Amid recent optimism, Chinese stocks have been boosted over the past week by some good news about Shanghai reopening after lockdown.

This is in stark contrast to price action in base metals, where tin and copper prices have fallen more than 20% from their recent highs. Iron ore is also weakening. The metals were affected by concerns about China’s growth prospects.

Australia’s trade balance has risen by about $10 billion a month due to the war in Ukraine, which has pushed up the prices of many of Australia’s exports. It remains to be seen whether the situation can be maintained.

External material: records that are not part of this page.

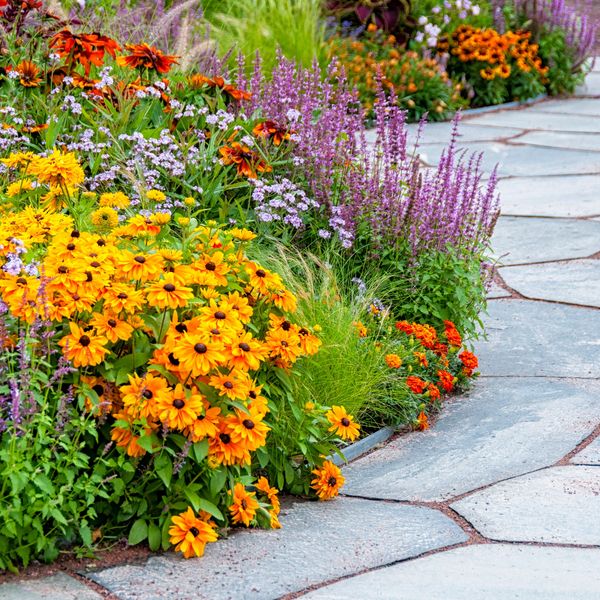 a stone wall can create plant bed definition and prevents loss of mulch into the sidewalk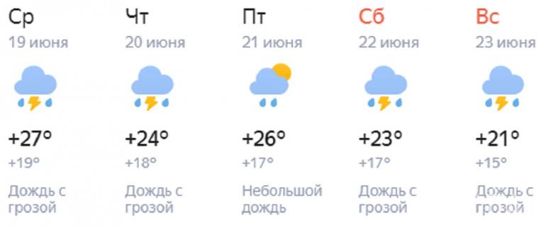 Во вторник, 18 июня, теплее всего окажется на юге области — до +32, на остальной территории тоже будет жарко, но столбики уличных термометров поднимутся только до +24…+29. При грозах порывы ветра восточной четверти будут достигать 17 метров в секунду. По ночам ожидается +13…+20. Днём в среду воздух прогреется до +28…+33, в четверг — до +23…+28.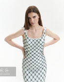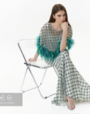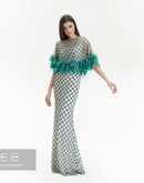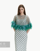 Dress code / EGNFD2 A sophisticated white dress featuring green feather details and luxurious embroidery. It is the perfect choice for high-end occasions and elegant parties. It is embroidered with natural crystal...
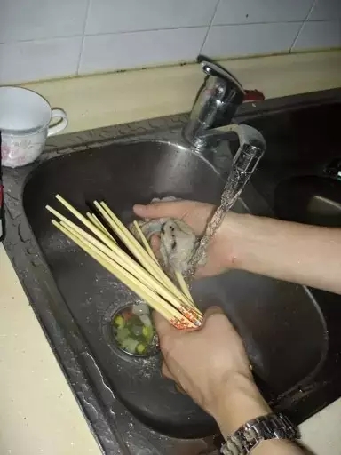 2.洗筷子时攥在一起猛搓是错误的,这样会产生细小凹槽,为微生物提供了生长空间,正确的洗法是在流动水下慢慢用抹布清洗。
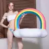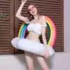 Net red sequins rainbow clouds swimming ring female adult water inflatable toy large 90cm girl swimming ring photo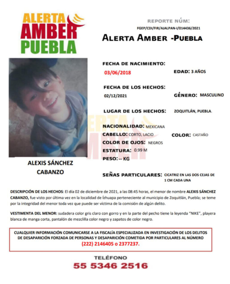 Tras la desaparición el 2 de diciembre de 2021 de Alexis Sánchez Cabanzo, la Fiscalía General del Estado de Puebla (FGEP) esperó 54 días para activar la Alerta Amber, y la investigación se ha realizado sin una planeación y sin considerar los impactos a la familia y la comunidad. Esto ocurre cuando el Sistema Nacional de Protección Integral de Niñas, Niños y Adolescentes (Sipinna) está en riesgo de ser convertido en una unidad administrativa del Sistema Nacional para el Desarrollo Integral de la Familia (DIF), vulnerando aún más los derechos de las infancias.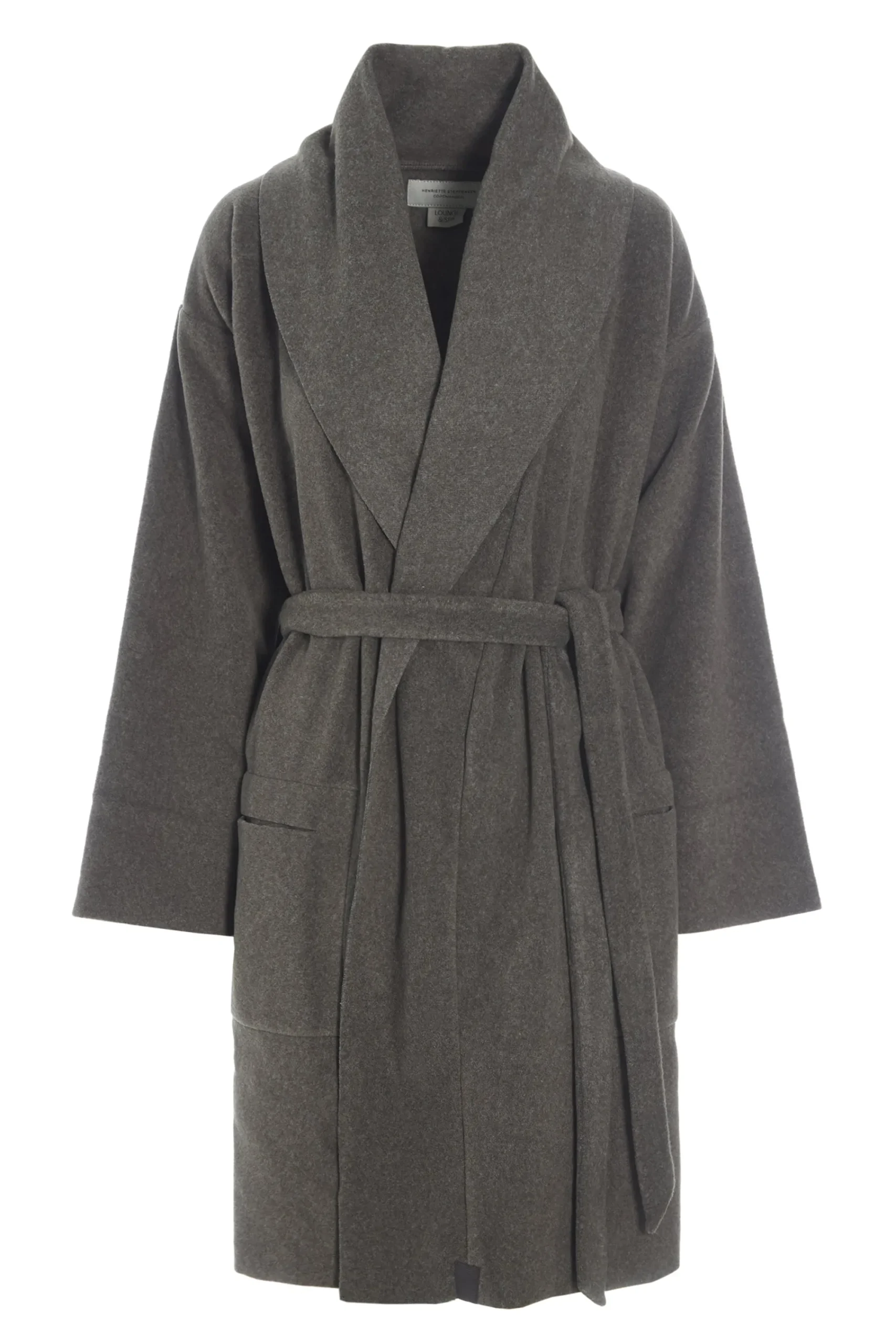 En størrelse morgenkåbe, badekåbe, housecoat denne style har mange navne. Den er varm, næsten vægtløst, hyggelig med høj hals, lommer og en bælte til lukning. Hvis du kan lide at hoppe i koldt vand – vil du elske at have denne style liggende klar til dig. Vælg din yndlingsfarve og nyd den meget bløde følelse.

Against this backdrop, the RBA has joined other central banks in implementing a robust tightening regime. Last week, RBA Governor Philip Lowe sounded the alarm on inflation and interest rates. The bank estimates the annual CPI in December to be around 7% and the cash rate is likely to be 2.5%. It is currently 0.85%. If we break down the CPI data, 7% inflation could come earlier than December.

AU QTLY CPI

The CPI for the second quarter of 2021 is 0.8%, which will be lower than the CPI due on July 27. The CPI for the first quarter of 2022 was 2.1%.

The first 3 months of the year, including only 1 month, saw sharp increases in commodity prices, especially energy and food prices. The biggest increase in production costs has yet to be fully passed on to consumers.

If we assume that the CPI for the second quarter of 2022 arrives at the same pace (2.1%) as the first quarter, the annual figure is 6.3%.

Given the unusual surge in energy, food and building materials in the second quarter of this year, higher numbers are likely.

The question remains, will a more hawkish RBA boost the Aussie?

AUDUSD CHART

[ad_2]

Leave a Reply

Your email address will not be published.